By the bus terminals attached thereto, the station is connected with many locations in Takatsuki, as well as Hirakatashi Station on the Keihan Main Line in Hirakata, Osaka, across the Yodo River.

| 1 | ■ JR Kyoto Line | limited express "Haruka" "Thunderbird" and special rapid services for Kyoto and Kusatsu |
| 2 | ■ JR Kyoto Line | rapid services for Kyoto and Kusatsu |
| 3 | ■ JR Kyoto Line | local trains for Kyoto |
| 4 | ■ JR Kyoto Line | local trains for Shin-Osaka, Osaka, Sannomiya and Takarazuka |
| 5 | ■ JR Kyoto Line | rapid services for Shin-Osaka, Osaka and Sannomiya |
| 6 | ■ JR Kyoto Line | limited express "Thunderbird" and special rapid services for Shin-Osaka, Osaka and Sannomiya |
| ■ Kansai Airport Line | limited express "Haruka" for Kansai Airport |

== Adjacent stations ==

| « |  | Service | » |  |
Tōkaidō Main Line (JR Kyoto Line)
Limited Express "Hida": Does not stop at this station
Limited Express "Kuroshio": Does not stop at this station
| Kyōto (JR-A31) |  | Limited Express Thunderbird Kansai Airport Limited Express Haruka (Some trains only) |  | Shin-Ōsaka (JR-A46) |
| Kyōto (JR-A31) |  | Special Rapid Service |  | Shin-Ōsaka (JR-A46) |
| Nagaokakyō (JR-A35) |  | Rapid Service (in the morning) |  | Ibaraki (JR-A41) |
| Shimamoto (JR-A37) (as local trains) |  | Rapid Service (after the morning) |  | Ibaraki (JR-A41) |
| Shimamoto (JR-A37) |  | Local |  | Settsu-Tonda (JR-A39) |

== History ==
Takatsuki Station opened when the railway between Osaka and Kyoto started provisional operation between Osaka Station and Mukōmachi Station on 28 July 1876. Since the railway was first built with single track, the location of Takatsuki Station in the middle of Osaka and Kyoto was suitable for trains of both directions to cross each other.

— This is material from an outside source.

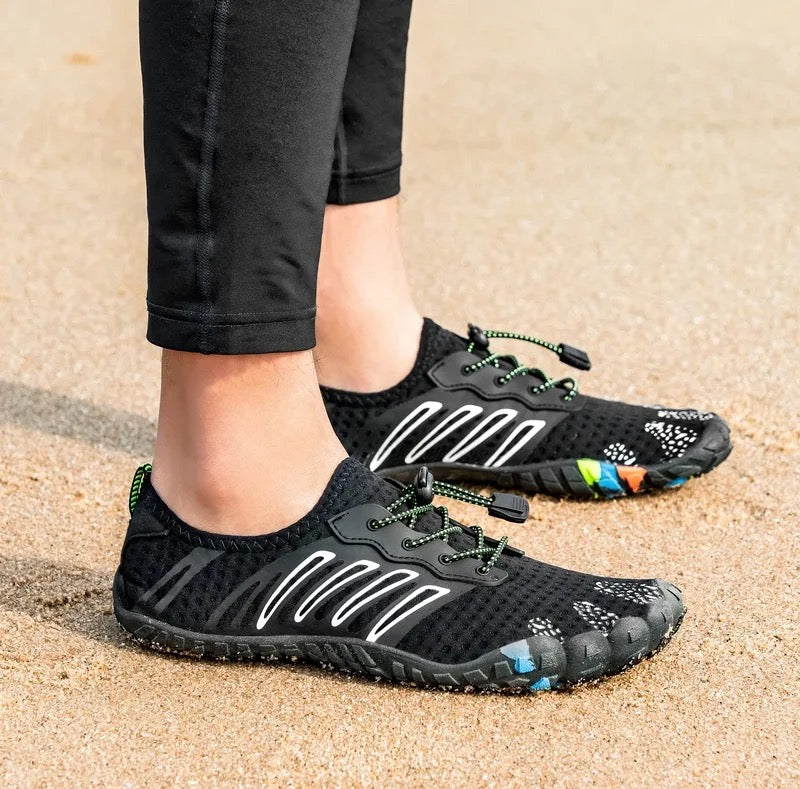 Men ikke i år! For her får du et par bevægelige, åndbare og vandafvisende badesko, der er lette at have med i tasken.

Station numbering was introduced to the station in March 2018 with Takatsuki being assigned station number JR-A38.

==Passenger statistics==
In fiscal 2019, the station was used by an average of 64,879 passengers daily (boarding passengers only).

== Surrounding area ==
There is an extensive shopping district between Takatsuki Station and Takatsuki-shi Station (Hankyu Kyoto Line). There are also department stores, Seibu and Matsuzakaya, around the station.